With the passing of Initiative 59 this spring, medical marijuana became legal in the District. Finally, the D.C. Council realized the lunacy of keeping the substance illegal for medical purposes. But GW administrators clearly still fear the reefer, because they have banned the use or possession of medical marijuana on campus.
While I can sympathize with the University in its mission to keep illicit substances off campus, I can’t agree with denying a student with a valid prescription the right to do something that would be perfectly legal anywhere else in the city.
Taking this action is simply vilifying marijuana. If a student has a condition marijuana has been proven to treat, and therefore obtains a prescription, what makes marijuana any different from Adderall or Xanax? Both of these substances are prescription medications that are ubiquitous on college campuses. Yes, they too can be thought of as “illegal substances” in the eyes of Student Judicial Services and the University when found in the hands of those who don’t have a legitimate prescription. But why is it any different when it comes to marijuana?
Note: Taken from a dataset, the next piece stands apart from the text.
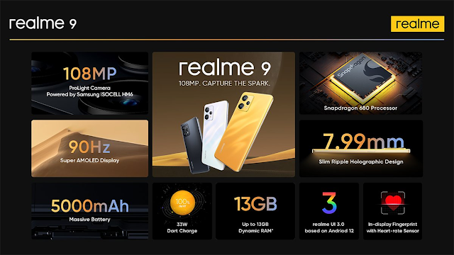 Realme 9 comes with 108MP Primary Camera, a 90Hz Super AMOLED Display, an In-display Fingerprint with a Heart Rate Sensor, a Snapdragon 680 Processor, 7.99mm thickness, 5000mAh of Battery along with 33W Fast Charging.

If a student has a prescription for it and therefore keeps it in his or her dorm room for personal use, it is their medication and the University has no business to hinder that. Now if that marijuana finds its way to the room of a student without a prescription – then that student should be punished by SJS just as he or she would before D.C. legalized medical marijuana. If the student was caught using or possessing Adderall or Xanax without a prescription, he or she would face the same repercussions.
In addition to the hypocrisy of the campus-wide ban on medical marijuana, GW’s policy sends out the wrong message to the physicians who support the use of medical marijuana and the users who swear by the drug’s effectiveness. Essentially by not letting the law take its course, GW says that it does not trust the system to ensure that only students who sincerely need medical marijuana receive it for just medical purposes.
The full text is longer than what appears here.